● Exercise
Copy the listing that follows exactly. Its pictures do not belong in the copy.

● Recorded information
*** Block opens ***

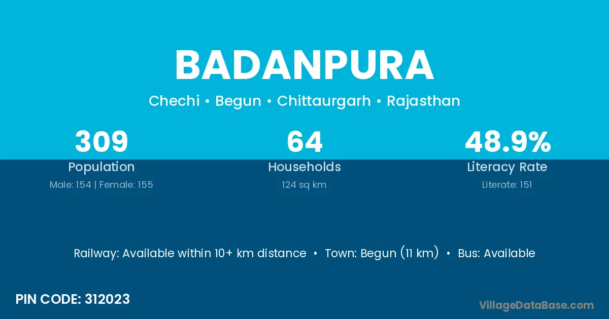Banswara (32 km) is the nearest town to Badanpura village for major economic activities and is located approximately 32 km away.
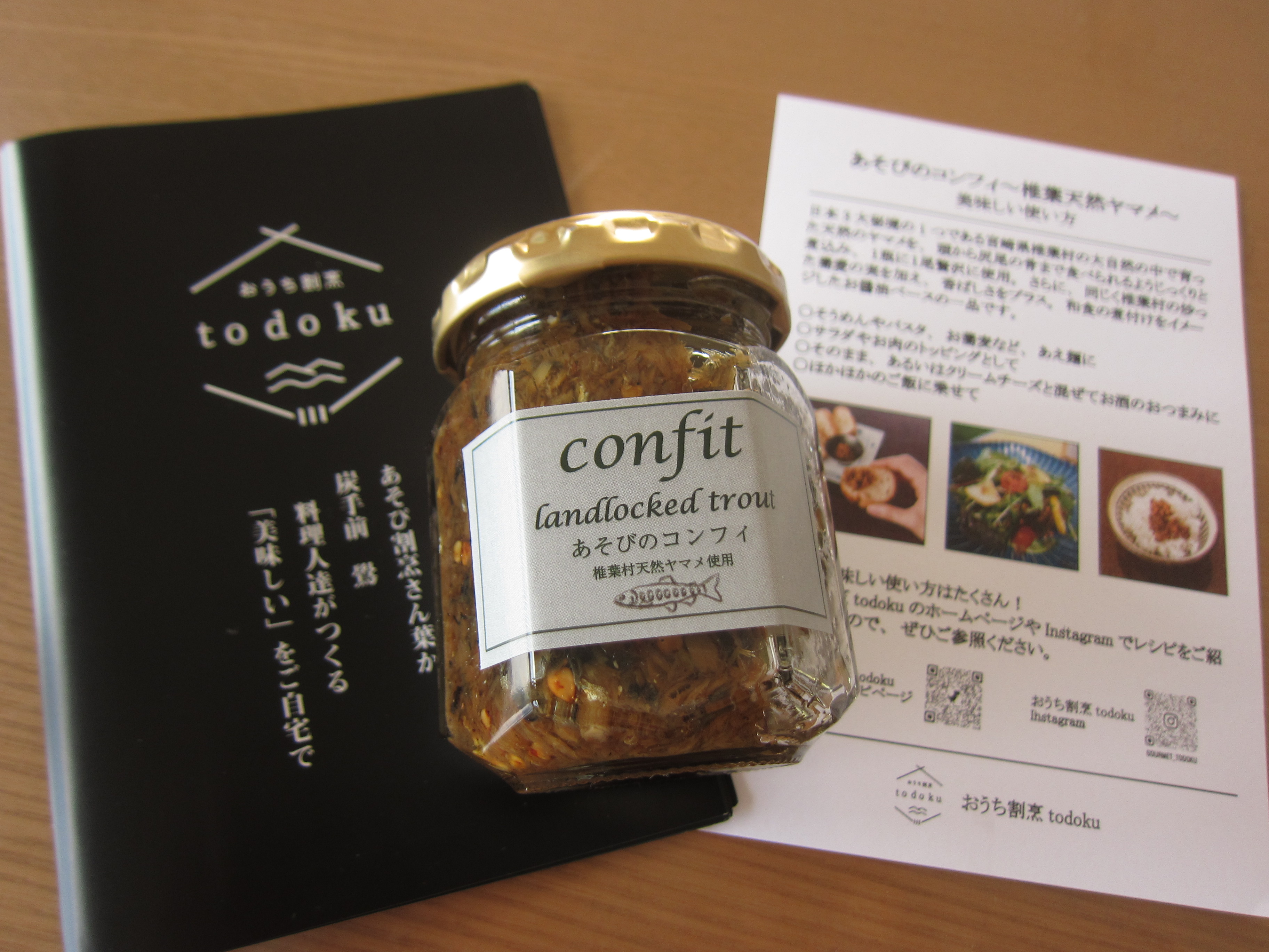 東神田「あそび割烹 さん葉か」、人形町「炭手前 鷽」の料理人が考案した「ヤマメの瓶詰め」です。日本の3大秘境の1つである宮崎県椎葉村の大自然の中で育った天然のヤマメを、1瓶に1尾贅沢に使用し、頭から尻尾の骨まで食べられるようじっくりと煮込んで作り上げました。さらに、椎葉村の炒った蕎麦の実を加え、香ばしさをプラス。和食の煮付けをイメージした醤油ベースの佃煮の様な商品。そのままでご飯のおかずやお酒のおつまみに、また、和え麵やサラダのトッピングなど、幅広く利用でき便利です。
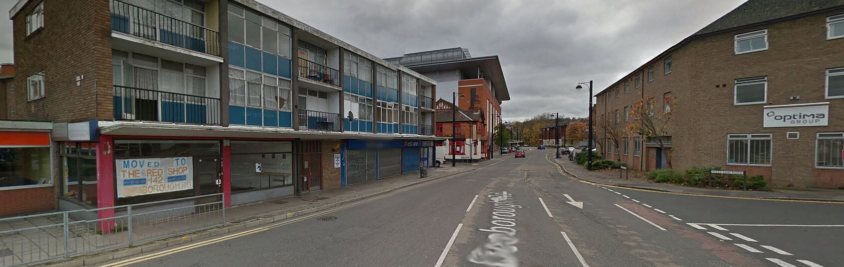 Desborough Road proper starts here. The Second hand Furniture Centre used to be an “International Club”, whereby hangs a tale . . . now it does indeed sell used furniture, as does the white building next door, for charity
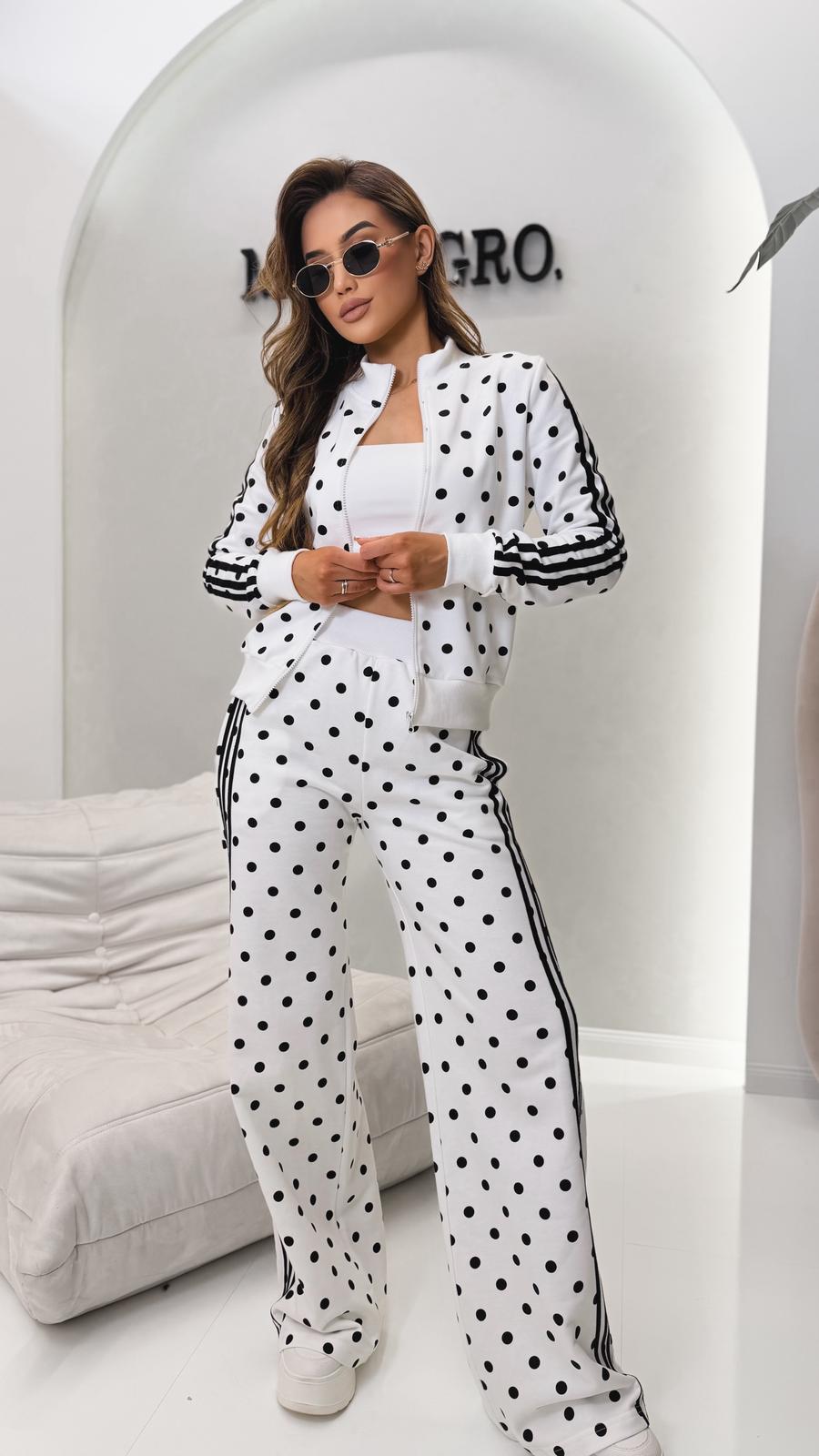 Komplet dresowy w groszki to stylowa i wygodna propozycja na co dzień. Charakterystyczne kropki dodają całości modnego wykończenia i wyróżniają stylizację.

*** Block closes ***

● Answer box
Banswara (32 km) is the nearest town to Badanpura village for major economic activities and is located approximately 32 km away.
 東神田「あそび割烹 さん葉か」、人形町「炭手前 鷽」の料理人が考案した「ヤマメの瓶詰め」です。日本の3大秘境の1つである宮崎県椎葉村の大自然の中で育った天然のヤマメを、1瓶に1尾贅沢に使用し、頭から尻尾の骨まで食べられるようじっくりと煮込んで作り上げました。さらに、椎葉村の炒った蕎麦の実を加え、香ばしさをプラス。和食の煮付けをイメージした醤油ベースの佃煮の様な商品。そのままでご飯のおかずやお酒のおつまみに、また、和え麵やサラダのトッピングなど、幅広く利用でき便利です。
 Desborough Road proper starts here. The Second hand Furniture Centre used to be an “International Club”, whereby hangs a tale . . . now it does indeed sell used furniture, as does the white building next door, for charity
 Komplet dresowy w groszki to stylowa i wygodna propozycja na co dzień. Charakterystyczne kropki dodają całości modnego wykończenia i wyróżniają stylizację.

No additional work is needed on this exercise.